62.5% for the encodings proposed in comment #45,
25% if the immediate forms are left out.

Note that the above is ignoring the %71 unused space in the immediate field for [f]swizzlei due to the upper bits of the swizzle field always being zero for smaller DESTSUBVL values and DESTSUBVL == 4 not sharing funct3 values.

Taking that in to account:
35.7% for the encodings proposed in comment #45

(I may have made a mistake in my calculations though)

> 
> I wonder instead if we can fit some bits into VBLOCK or SVP64.

Didn't check for VBLOCK, but I would be surprised if they won't fit in SVP64.

However, since swizzles are one of the few instruction types that require multiple non-trivial [1] SUBVL fields/values, I think having it encoded in the swizzle instruction itself [2] would be better.
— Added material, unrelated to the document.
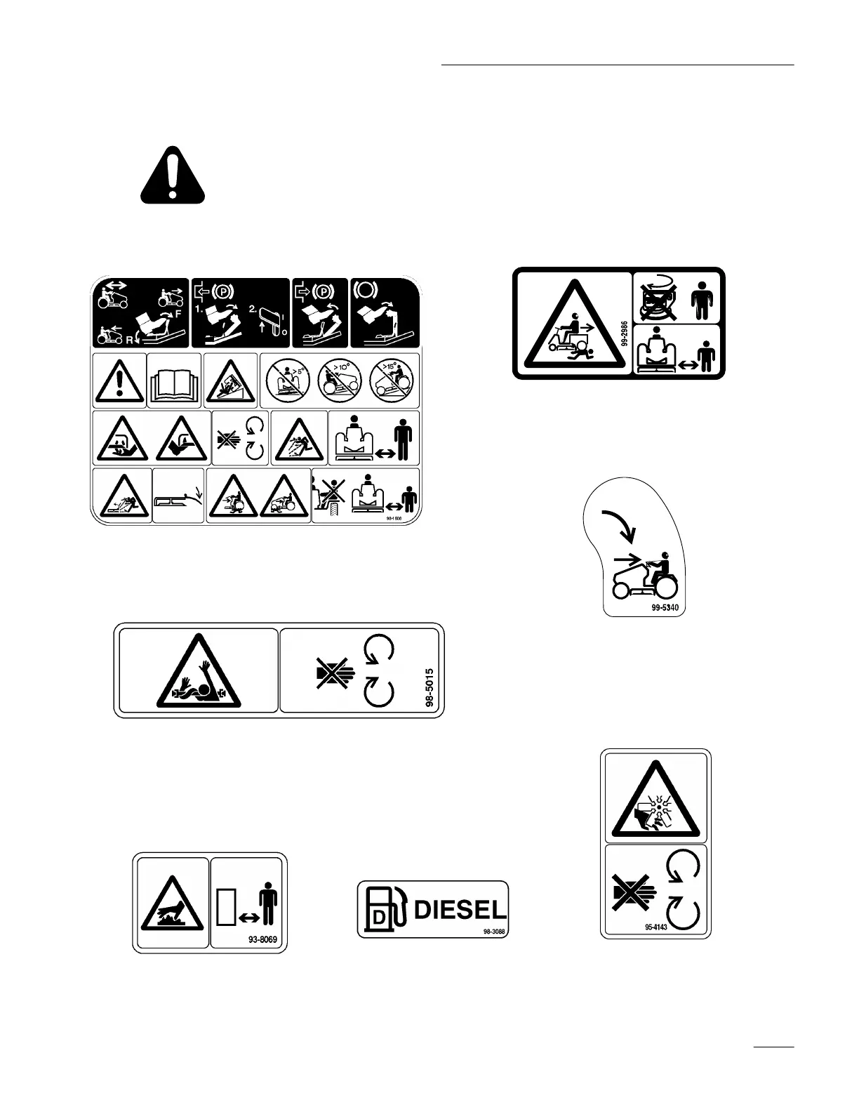 any area of potential danger. Replace any decal that is damaged or lost.

1: I count instructions like load-gather/store-scatter as trivial, since all instruction arguments either use SUBVL (for src/dest reg) or SUBVL is always 1 (for address reg), so multiple SUBVL's don't need to be encoded

2: includes the prefix if the prefix is always required

> 
> If these ops are that common and that important, trying to cram everything
> into OP32 is just asking for trouble.

They can go in other opcode blocks. We could do something such as share the opcode with JAL (for example) and [f]swizzle[i/2] would only be valid inside VBLOCK or prefixed, where JAL isn't valid anyway.
Comment 53 Luke Kenneth Casson Leighton 2019-10-09 08:42:35 BST
read everything, still absorbing.  i see where you're going with the
"type-safety".

the immediate problem i can see with it is: predication (single or twin)
*already* makes the concept of bounds-checking runtime type-safety moot.
predication is *already* run-time-dependent, and developers (and
compilers) already have to "put up with" it, and make damn sure that they
get things right.

have to pack, ready for tomorrow, so will be a little distracted.
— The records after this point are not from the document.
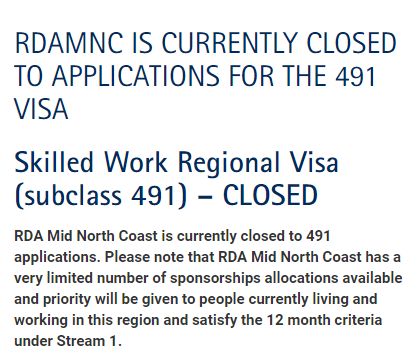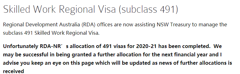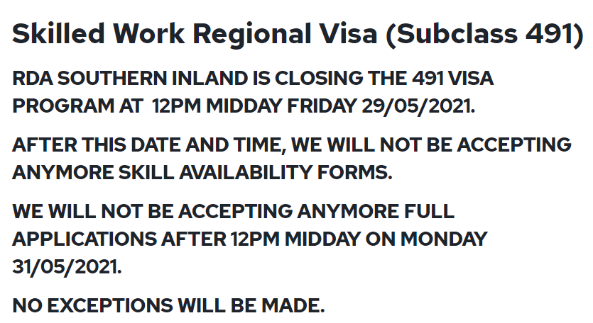 RDA Southern Inland 表示491類別 5月29日12pm關閉,5月31日12pm后將不會接受任何申請。
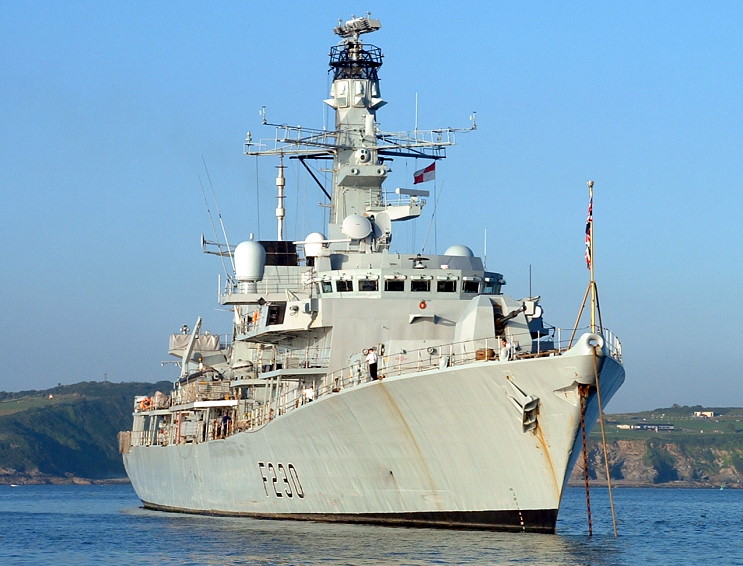 HMS Norfolk F-230 departing Devonport Dockyard and about to exit the Hamoaze and enter Plymouth Sound, Mount Edgcombe Park is seen in the background.
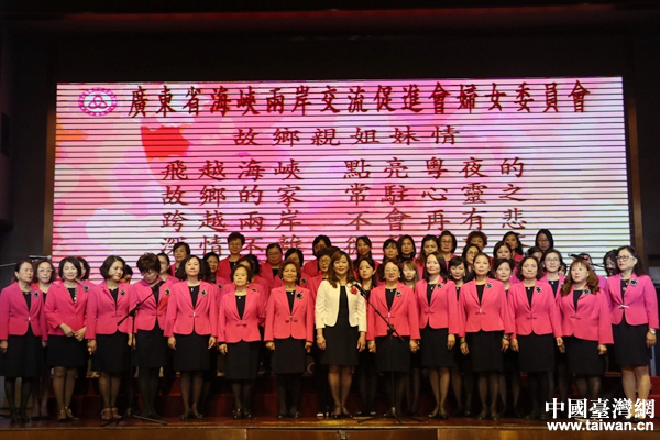 “飞越海峡,点亮粤夜之光。故乡的家,常驻心灵之窗。跨越两岸,不会再有悲伤。故乡亲,姐妹情,已经走向四方……”活动现场,林佳蓉带领80余位会员代表合唱《故乡亲 姐妹情》,赢得到场嘉宾阵阵热烈掌声。

i do like [f]swizzle2 (rs1==rs3).  can you demonstrate *exact* equivalence
i.e. that src *and* dest may have elements arbitrarily "skipped" i.e. not
destroyed?

how is the following achieved?

   rd.yw = rs.zy

using twin-predication (twin "masks" - however they are called, i don't
care if they're named "unknown" or not) - it is dead-easy.  dest mask
equals 0b0011.

ah.

wait.

just listing that example, something just occurred to me.

you don't need twin-predication.  you need *single* predication, on the dest.

the reason is: the src-index-selection gives "appearance" of twin-predication.
with the dest having predication, all you do is: fill in *only two* src
swizzle indices.

*smacks-forehead*...


> 6. Not needing a popcount (even though it's quite small) simplifies
> instruction decode

it's not for decode, it's for exception-recovery after a context-switch.
it is absolutely the case that popcount would *not* be needed when
*starting* a newly-issued instruction because the offsets start at zero.

only when one of the offsets is not zero (returning from an exception)
does the other need to be recovered.

however this i believe is now moot as i realised twin-predication is
redundant.  can you confirm / check the logic/reasoning above?

will go over the rest (inline) again.
Comment 54 Luke Kenneth Casson Leighton 2019-10-09 08:54:43 BST
(In reply to Jacob Lifshay from comment #52)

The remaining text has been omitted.